The 2020 Games, which will run from 24 July to 9 August, are seen as a chance to help Japan re-establish itself as a player in the world of global business. The Japanese economy has struggled for nearly two decades, and it is hoped that the return of the Olympic Games will help spark a revival through renewed infrastructure and boosts in tourism, as well as providing many other long-term benefits.
Japan has been the site of many major sporting events over the past 50 years, including when it co-hosted the 2002 Football World Cup with the Republic of Korea, but will face a formidable challenge when it welcomes the world in seven years.
“We are confident our Japanese friends will be able to provide excellent Games.
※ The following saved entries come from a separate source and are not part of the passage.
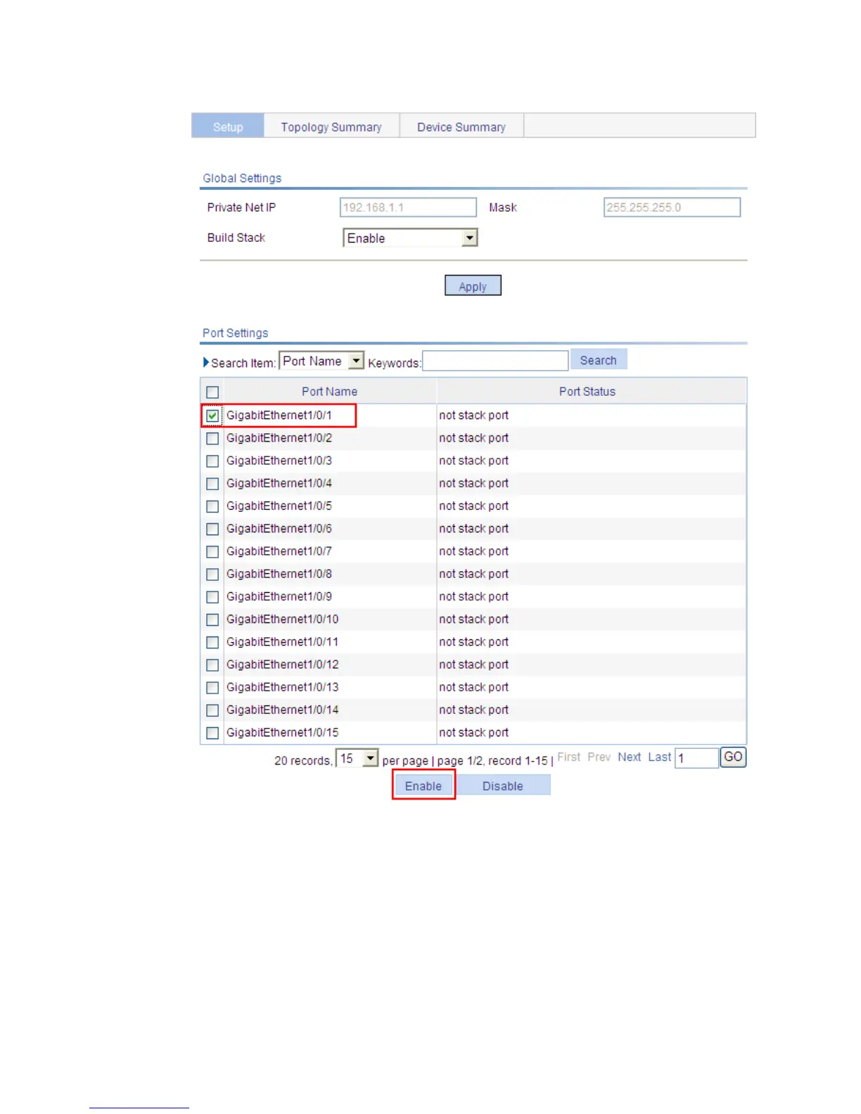 b. On the Setup tab, select GigabitEthernet1/0/1, GigabitEthernet1/0/2, and
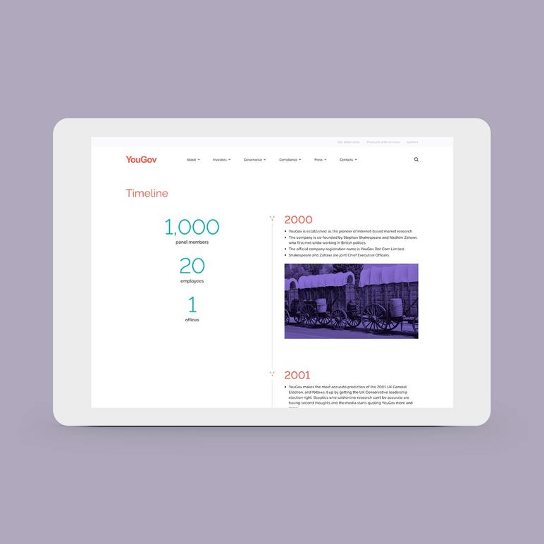 Seamlessly linking to the YouGov brand and careers websites, the company website now delivers a modern digital experience that primarily caters to investors, brokers, analysts and a financial press audience. It is an exemplar of clarity of content and strong brand personality that gives YouGov a well-articulated online presence that fully celebrates its corporate story in the digital space.
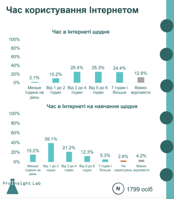 Перегляньте інфографіку від “ProInsight Lab”. Скільки часу українські підлітки щодня проводять в інтернеті? А скільки – для навчання?
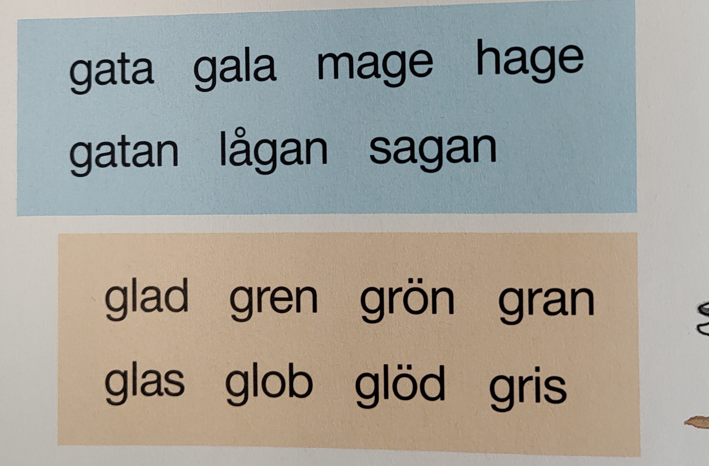 - Vi gör en läsuppgift tillsammans. Vi tränar läsa och uttala. Vi pratar om svåra ord.
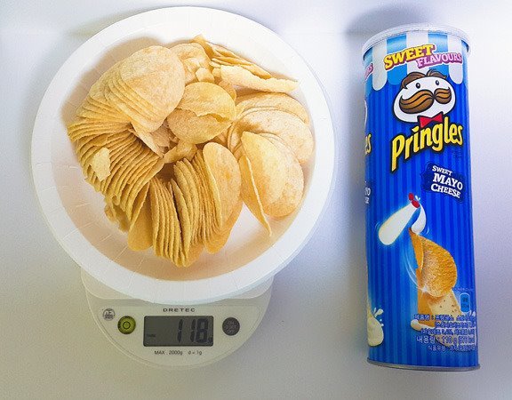 실제로 잰 ‘프링글스 스윗마요치즈’ 1개 중량 1g, 전체 중량은 118g으로, 기재된 중량에 비해 8g 많았다. 음, 이건 조금은 설레도 될 것 같다. 그러나 맛에서 설레면 안 되는 것이라는 걸 한 입 먹고 알았다. 첫 맛은 살짝 맹했고 ‘포테토칩 짜왕맛’을 먹었을 때와 같이 소스 맛이 덜 느껴졌다. 짠 맛도 단 맛도 느껴지지 않았으며, 치즈보단 마요네즈 맛이 좀 더 강해 살짝 느끼했다. 몇 개는 먹을 수 있겠지만 연속적으로 먹기는 힘들 것 같다.
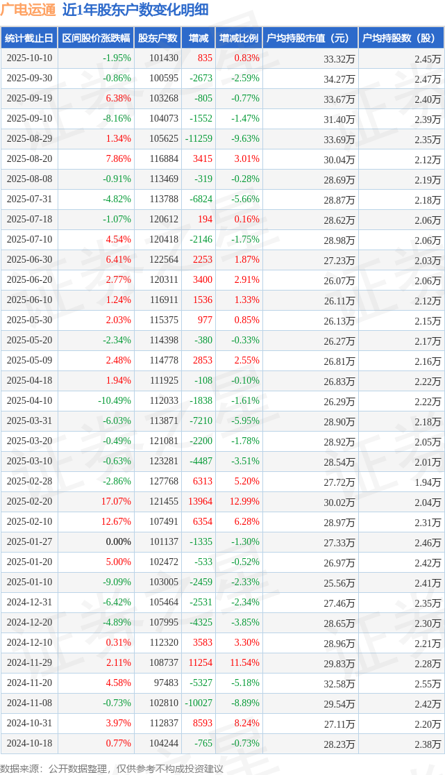 从股价来看,2025年9月30日至2025年10月10日,广电运通区间跌幅为1.95%,在此期间股东户数增加835.0户,增幅为0.83%。
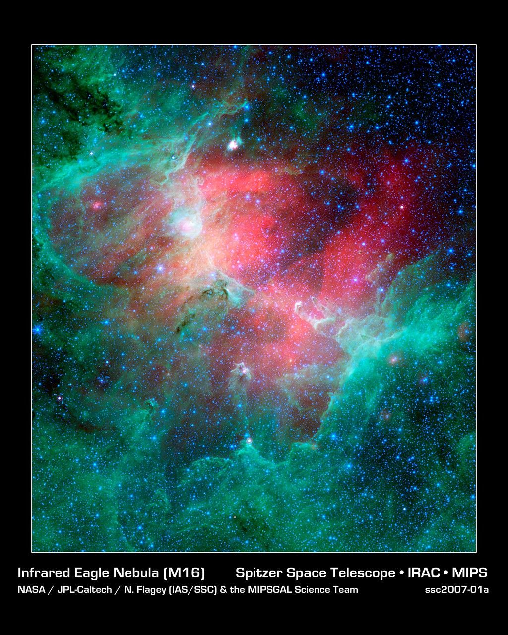 This majestic view taken by NASA's Spitzer Space Telescope tells an untold story of life and death in the Eagle nebula, an industrious star-making factory located 7,000 light-years away in the Serpens constellation. The image shows the region's entire network of turbulent clouds and newborn stars in infrared light.
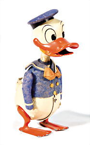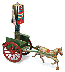 Clown auf Eselskarre, Blech, lithogr., Figur handlackiert, 1 Bein u. Ohren fehlen, Spiralfederwerk intakt, bespielt, gut
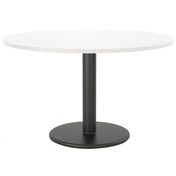 This Cubit Meeting Table has a stylish design and a sturdy construction. It has a round 25mm white top and a round steel base with a black powder coated finish. It is ideal for use in meeting rooms, canteens, offices and collaboration spaces. The simple, classic design will complement and space.

They are the safe pair of hands they describe,” said Rogge. “They will provide secure Games, well organised with the welfare of the athletes in mind. I’m quite sure Tokyo 2020 will put the athletes at the centre of the Games.”
Japan’s final presentation to the IOC membership included an eloquent opening speech by Princess Takamado and also featured Prime Minister Shinzo Abe, Takeda and Mizuno. A moving tribute by Paralympic long jumper Mami Sato about how sport had saved her from despair after she lost her leg to cancer appeared to really resonate.
“My heart was pumping (before the announcement) and I am so happy,” Abe told Kyodo News after Tokyo’s victory. “We will respond to the expectations and support by holding a successful Olympic Games. I think we conveyed the message that we can hold a safe Games.”
Mizuno cited how the Games can be a positive catalyst for change when he spoke to the Foreign Sportwriters Association of Japan in Tokyo in June 2011. “We promote the Olympic values – excellence, friendship and respect,” he said. “Especially we are saying, 2020 is not the goal for us, but beyond 2020 we can make a wonderful society. So we would like to demonstrate the power of sports. We believe in the power of sports.”
Takeda, who participated as an equestrian in the 1972 Olympic Games in Munich and the 1976 Olympic Games in Montreal, reflected the feelings of many in his country when asked to comment following Tokyo’s selection. “I have waited so many years to experience this joy,” he stated. “It is an honour to be elected as the host city.”
Takeda acknowledges that though the race to win the bid was long and arduous, now the real work truly begins: “The Olympic Family has put its faith in our great city to deliver the memorable Games we have promised, and we will not let them down,” he said in a statement. “Without doubt, this will be a memorable event for the every member of the Olympic family, every athlete and every spectator.
“Tokyo is eager to begin to put in place our plans for the 2020 Olympic Games. Tokyo 2020 will be a superb occasion in the very heart of our dynamic capital city. We take on this immense responsibility both humbly and seriously, and will work hard over the next seven years to organise and host what is sure to be the world’s greatest event in 2020.”